María Auxiliadora Pereira.– En esta pandemia, el personal de salud conformado por médicos, enfermeras y personal técnico se han convertido en los héroes, los guerreros del mundo. Trabajando sin descanso en medio de las condiciones más adversas, arriesgando su vida y la de sus seres queridos, incluso sin los recursos mínimos como tapabocas, trajes especiales o guantes.
Según cifras aportadas por el Colegio de Médicos del Perú, actualmente más de 4000 profesionales de la medicina han sido contagiados y unos 197 han fallecido en el país.
Mientras, estos indicadores dan cuenta de que en Huánuco 105 médicos han dado positivo a la prueba de COVID-19. De esta cifra, seis han necesitado ventilación mecánica y han sido recluidos en UCI. Lamentablemente, cinco perdieron la batalla al virus.
Difícil lucha contra la pandemia
En este sentido, Werner Vásquez, médico del área de pediatría del Instituto Nacional del Niño de San Borja, señala lo difícil que ha sido para el personal de salud luchar en esta pandemia.
“Hemos tenido sentimientos de frustración, de impotencia, porque nos enfrentamos a una enfermedad con una letalidad muy grande en ciertos grupos de pacientes, pero siempre con el compromiso de que para esto fuimos formados”, destaca.
Vásquez afirma que, aunque los índices de contagios están disminuyendo, la gran preocupación del personal de salud es una posible segunda ola de contagios producto de la reactivación de las actividades económicas.
“Aparentemente, las cifras están mejorando, pero esto puede llegar a ser engañoso. Nosotros sabemos que va a haber una segunda ola de contagios y estamos en alerta. La mayoría de las personas puede creer que esto está pasando, pero estas cifras solo reflejan una tranquilidad momentánea”.
Asimismo, resalta que a pesar de haber sido formado para enfrentar situaciones como esta, el temor a un posible contagio es algo que está presente todos los días
“Ha habido momentos de la pandemia donde uno va a trabajar con miedo, no por uno sino por los familiares.

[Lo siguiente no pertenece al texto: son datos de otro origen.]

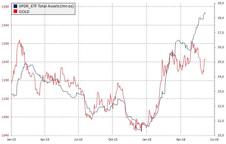 Zdecydowanie tak, ponadto należy pamiętać o ostatnich silnych przepływach kapitałowych w kierunku tego rynku. Zarówno ze strony dużych indywidualistów jak Soros (ograniczenie ekspozycji na amerykańskie akcje w celu nabycia ekspozycji na rynek złota), jak i funduszy ETF, które odpowiadały za silny popyt na metal w pierwszym kwartale tego roku.
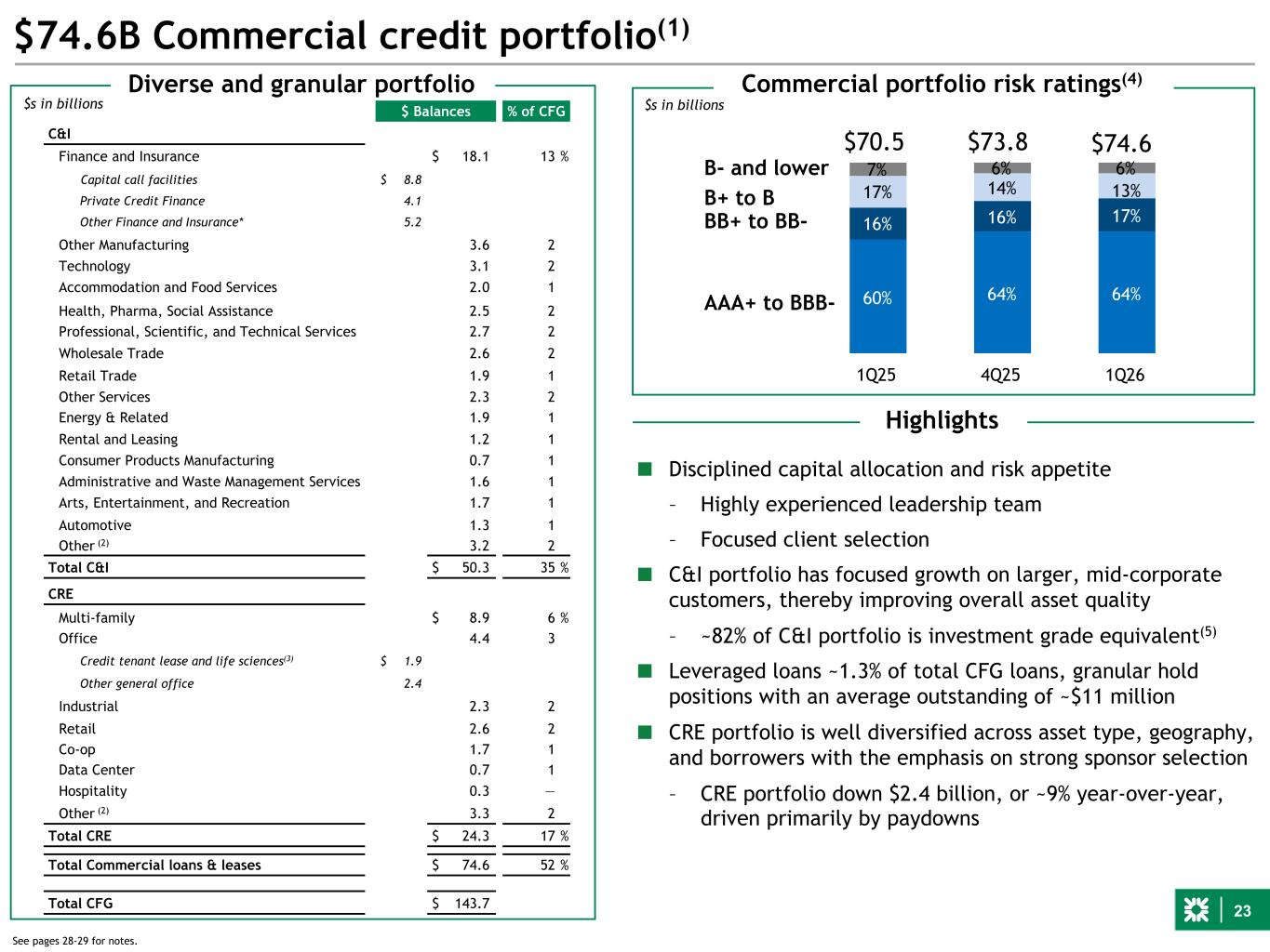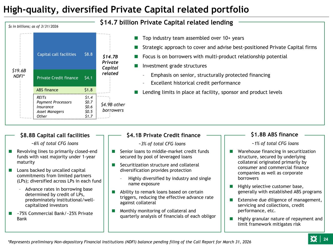 23 $74.6B Commercial credit portfolio(1) Commercial portfolio risk ratings(4) $s in billions 60% 64% 64% 16% 16% 17% 17% 14% 13% 7% 6% 6% 1Q25 4Q25 1Q26 B- and lower B+ to B BB+ to BB- AAA+ to BBB- $74.6 Highlights $73.8 $ Balances % of CFG C&I Finance and Insurance $ 18.1 13 % Capital call facilities $ 8.8 Private Credit Finance 4.1 Other Finance and Insurance* 5.2 Other Manufacturing 3.6 2 Technology 3.1 2 Accommodation and Food Services 2.0 1 Health, Pharma, Social Assistance 2.5 2 Professional, Scientific, and Technical Services 2.7 2 Wholesale Trade 2.6 2 Retail Trade 1.9 1 Other Services 2.3 2 Energy & Related 1.9 1 Rental and Leasing 1.2 1 Consumer Products Manufacturing 0.7 1 Administrative and Waste Management Services 1.6 1 Arts, Entertainment, and Recreation 1.7 1 Automotive 1.3 1 Other (2) 3.2 2 Total C&I $ 50.3 35 % CRE Multi-family $ 8.9 6 % Office 4.4 3 Credit tenant lease and life sciences(3) $ 1.9 Other general office 2.4 Industrial 2.3 2 Retail 2.6 2 Co-op 1.7 1 Data Center 0.7 1 Hospitality 0.3 — Other (2) 3.3 2 Total CRE $ 24.3 17 % Total Commercial loans & leases $ 74.6 52 % Total CFG $ 143.7 Diverse and granular portfolio ■ Disciplined capital allocation and risk appetite – Highly experienced leadership team – Focused client selection ■ C&I portfolio has focused growth on larger, mid-corporate customers, thereby improving overall asset quality – ~82% of C&I portfolio is investment grade equivalent(5) ■ Leveraged loans ~1.3% of total CFG loans, granular hold positions with an average outstanding of ~$11 million ■ CRE portfolio is well diversified across asset type, geography, and borrowers with the emphasis on strong sponsor selection – CRE portfolio down $2.4 billion, or ~9% year-over-year, driven primarily by paydowns $70.5 See pages 28-29 for notes. $s in billions

Al principio me mudé prácticamente para evitar contagiar a mi hijo y a mi familia, todos los días salgo a la guardia y le pido a Dios que esta vez no me contagie”, agrega.
En el caso del personal de sa, se cree que la principal razón de muerte no es la edad, sino la sobre exposición al virus; mientras, el número de contagios demuestra que en la primera línea el riesgo de contraer la enfermedad, pese a los cuidados, aumenta.
Equipos de respuesta de rápida

Otros profesionales al frente de esta pandemia son los equipos de respuesta rápida. Actualmente, más de 100 equipos se encuentran desplegados a lo largo y ancho de la región de Huánuco para ofrecer atención primaria.
Mirko Huamán Cueva, enfermero del equipo de atención de respuesta rápida y seguimiento clínico de la DIRESA Huánuco, destaca su gran compromiso de trabajar en esta primera línea de atención.
“Atendemos de 10 a 15 pacientes por día. No solo atendemos a la persona contagiada, sino a toda la familia”.
Por su parte, el médico William Gálvez Andreo, quien presta servicio en los equipos de respuesta rápida, señala que se les han brindado todos los equipos necesarios para su protección; sin embargo, diariamente les afecta ver casos, sobre todo en las familias de pobreza extrema.
“Es difícil. Uno siente impotencia de no poder ayudar. Pero también esta pandemia ha permitido la apertura del sistema SIS a algunas personas vulnerables y eso nos tranquiliza, por una parte”.

Síndrome de la bata blanca
En este sentido, Sheylla Durand Quispe, psicóloga, señala que esta pandemia ha afectado psicológicamente no solo a la población sino también al personal de salud. Ellos enfrentan, además, una sobrecarga de trabajo y de estrés mejor conocido como el síndrome de la bata blanca.
“Este tipo de agotamiento mental se puede evidenciar a través de estados de ánimos decaídos, irritación, depresión, miedo. Lo primero que hay que entender es que el personal de salud está viviendo el agotamiento de una manera más fuerte”.
Durand señala que desde la DIRESA se están promoviendo las pausas activas que incluyen dinámicas y técnicas de relación entre el personal.
“Es una estrategia que se está implementando. La baja de pacientes infectados nos ha permitido generar, con más frecuencia, este tipo de actividades, sabemos que el COVID-19 deja secuelas físicas, pero no se está hablando de las secuelas emocionales que pueden ser más perdurables”.